The involvement of oxytocin in regulating the mother's responsive engagement with her infant has been studied using the Still Face Paradigm (SFP) [14]. SFP is an experimental paradigm initially developed to examine an infant's reaction to a state of unresponsiveness in the mother, and the paradigm has subsequently been extended to the study of a myriad of related research questions including aspects of mother-infant interaction [15] and the creation of an emotional challenge for the infant-mother dyad [16, 17]. In a study examining change in plasma oxytocin levels following interactions with the infant during the SFP condition [16], mothers with a reduced oxytocin response demonstrated a significant decrease in their gaze toward their infants during periods of infant distress, while such changes were not observed in mothers with an increased oxytocin response.
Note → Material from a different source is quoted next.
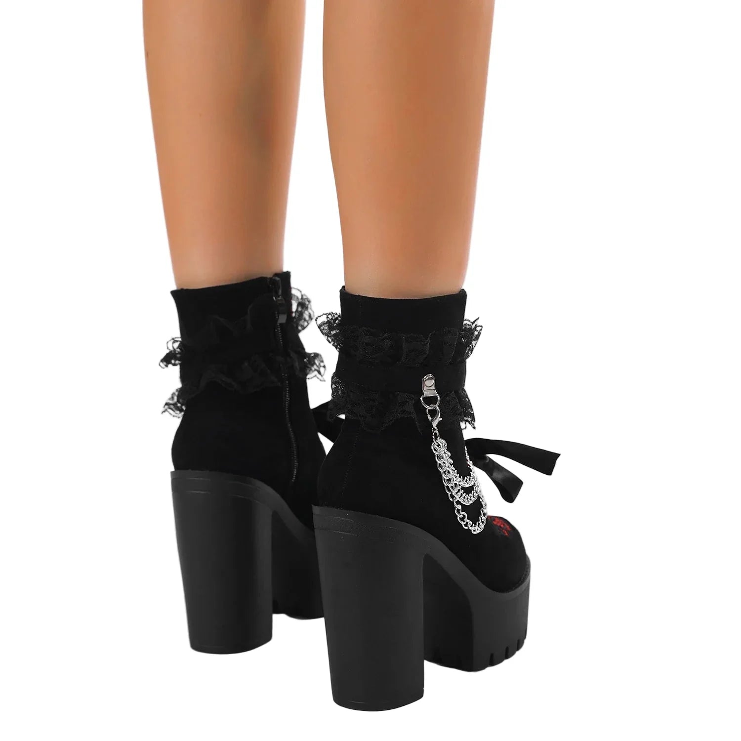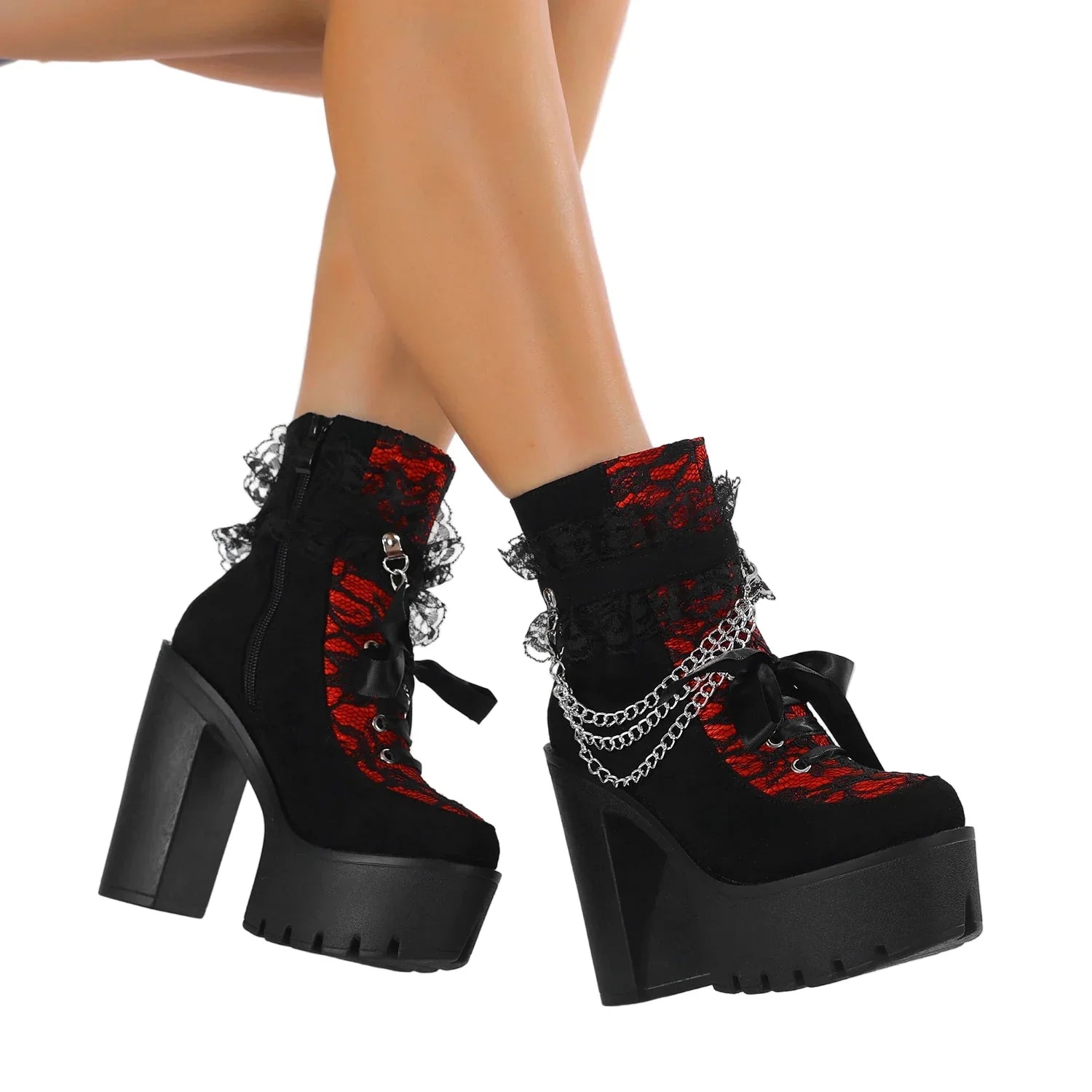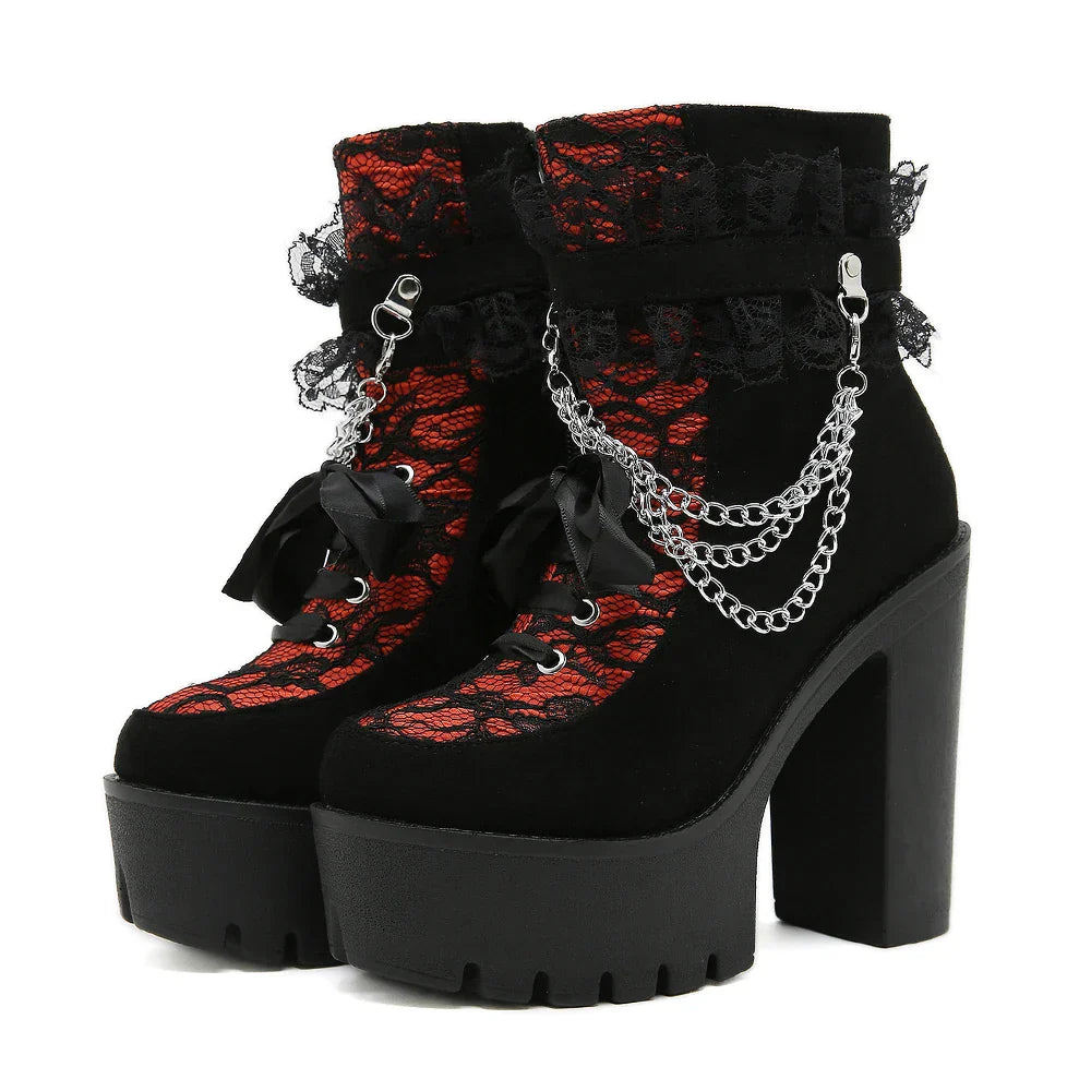 Step into darkness with Creepy Goth’s Vermyra Platform Boots — a fusion of gothic elegance and punk rebellion. These handcrafted mid-calf boots feature rich black flock velvet with blood-red lace underlays, bound together by silver chains and ribbon laces that demand attention.

Oxytocin, however, may be associated with both positive and adverse outcomes depending on the level of nurturance or adversity in the early environment of an individual [3]. For instance, recent genetic studies have provided evidence of gene-environment (G × E) interactions, such that the SNPs within the oxytocin receptor gene (OXTR) interact with the environment to confer risk for mental disorders and other behavioral traits. Interaction of the OXTR genotypes with positive behaviors such as empathy [18] and trust [19] or, conversely, with adverse environments such as exposure to abuse [20, 21] shapes either lower or greater risk for depression and anxiety, respectively.

Genetic variability within the OXTR gene may modulate risk for psychiatric and behavioral symptoms, and this may be driven by a combination of cumulative genetic effects across the OXTR locus. Cumulative genetic risk score across OXTR, CD38, and AVPR1a, previously associated with psychopathology, sociability, and caregiving of the mother, has been shown to interact with trauma-exposure in children to predict higher levels of PTSD, anxiety disorders, conduct disorders, and ADHD [22], further supporting the role of OXTR gene-environmental interactions.
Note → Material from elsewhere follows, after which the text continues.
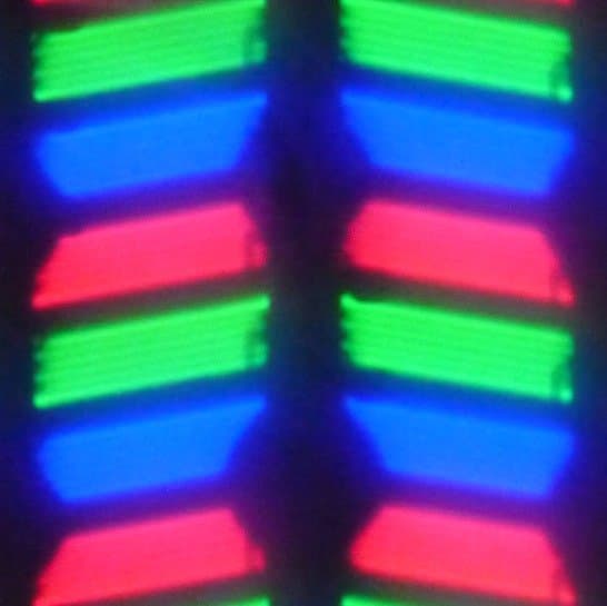 В данном смартфоне используется матрица типа IPS. Микрофотографии демонстрируют типичную для IPS структуру субпикселей:

The overarching aim of the study was to investigate relations involving blood oxytocin levels, aspects of the oxytocin gene, and maternal caregiving behavior. Specifically, we aimed to evaluate (a) the genetic mediators of maternal oxytocin response following a challenging mother-infant interaction task (i.e., SFP); test if the same genetic mediators would be associated with (b) maternal behavior following a mother-infant separation and interrogate (c) whether the genetically mediated maternal behavior was driven by separation anxiety. We hypothesized that mothers with a genetic predisposition to decreased maternal oxytocin response would be more likely to exhibit reduced maternal caregiving behavior, and this relationship would be mediated by separation anxiety.

2. Materials and Methods

2.1. Study Participants

The study sample comprised 127 participants, selected from a larger pool of pregnant women (n = 668) attending a general hospital antenatal clinic, the details being provided in Eapen et al., 2014 [13]. Briefly, 668 women were screened in pregnancy using the Adult Separation Anxiety Questionnaire (ASA-27) to assess eligibility for a longitudinal study investigating maternal separation anxiety, oxytocin, and bonding over the transition to parenthood. The antenatal sample of women was sampled so as to achieve a structured group including a balanced number of participants with and without current separation anxiety symptoms as indicated by the ASA-27. The study cohort of 127 women had an almost equal number of women with and without ASA, with 27 more than the required 100 subjects, to allow for attrition of the sample over time. From this sample of 127 women, genotypes for OXTR SNPs were available for a random subset of 96 women that were included in this study. All analyses described here were performed on this subset of 96 women. At the time of recruitment, all women were aged over 18 years, English-speaking, and less than 38 weeks' gestation with a singleton infant. Women provided consent to participate in a longitudinal study and genetic analysis investigating maternal separation anxiety, maternal bonding, and related experiences. Demographic details of women included in the study are provided in Table 1.

Table 1

Demographic details of the 96 women included in the study.

Variable	Mean [SD]/N [%]
Age	29.90 [0.57]
Ethnicity:
Caucasian	46 [47.9%]
Asian	32 [33.3%]
Arab	12 [12.5%]
Other	6 [6.3%]
Adult separation anxiety:
Yes [≥22]	48 [50%]
No [<21]	48 [50%]
rs968389 genotype:
AA	29 [30.2%]
AG	36 [37.5%]
GG	30 [31.3%]

2.1.1. Procedure

Prenatally (averaging 30 weeks' gestation), participants completed self-report questionnaires including the Adult Separation Anxiety Questionnaire (ASA-27) [23]. For the postnatal stage of the study (averaging 3 months postpartum), participants again completed the ASA-27 as well as the Maternal Separation Anxiety Scale (MSAS) [24] and then took part in the Still Face Paradigm [14] in addition to providing blood samples for oxytocin measurements and DNA for genotyping.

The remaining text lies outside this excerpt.